Dorothy I.~ The one winged
kyphosis of her poetry.




        Dorothy was a beautiful poetess who wrote in bird song, but her wings were ingrown and useless, the cotyledon of a barren womb.
        I was new to the city when I met her at a roof party. The landlords all moved to the suburbs, so we broke open the roof hatches and carried up guitars and bottles of wine. The height constrained our dancing, we were like bats holding on with our feet and swaying upside down over the floor of the sky. Dorothy moved a pale angel light among our black excesses, she seemed to know what it was like to fall and she carried a hunchback of where she once landed.

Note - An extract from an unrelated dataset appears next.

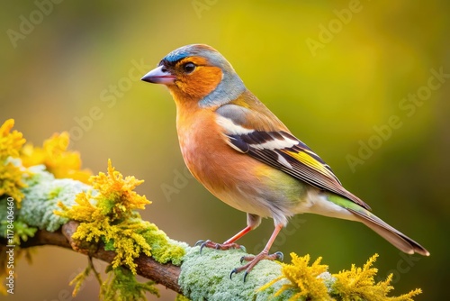 Obraz premium Aerial Chaffinch on Lichen Branch - Stunning Bird Photography

Things that drop out of the sky become grotesque and disfigured when they hit earth, only poets can see in them the forms of heaven.
        Because of her deformity Dorothy never married, but there were a fashion of men she made herself invisible to. She made her poetry out of the personal ads she clipped from the Village Voice and they read like the tatoos beat on a hollow heart:


            your mission: to be my Apollo 7,8,9...forever.
            you are the sun to my moon
            you fly to my arms
            you eye my mons
            you diamond
            eudaemon.


        Like many of the poets and artists who are attracted to the glory of the city, Dorothy flamed out and moved back to the provinces. Still, I sometimes see the suggestion of her mind silhouetted in the arch prose of the daily personals.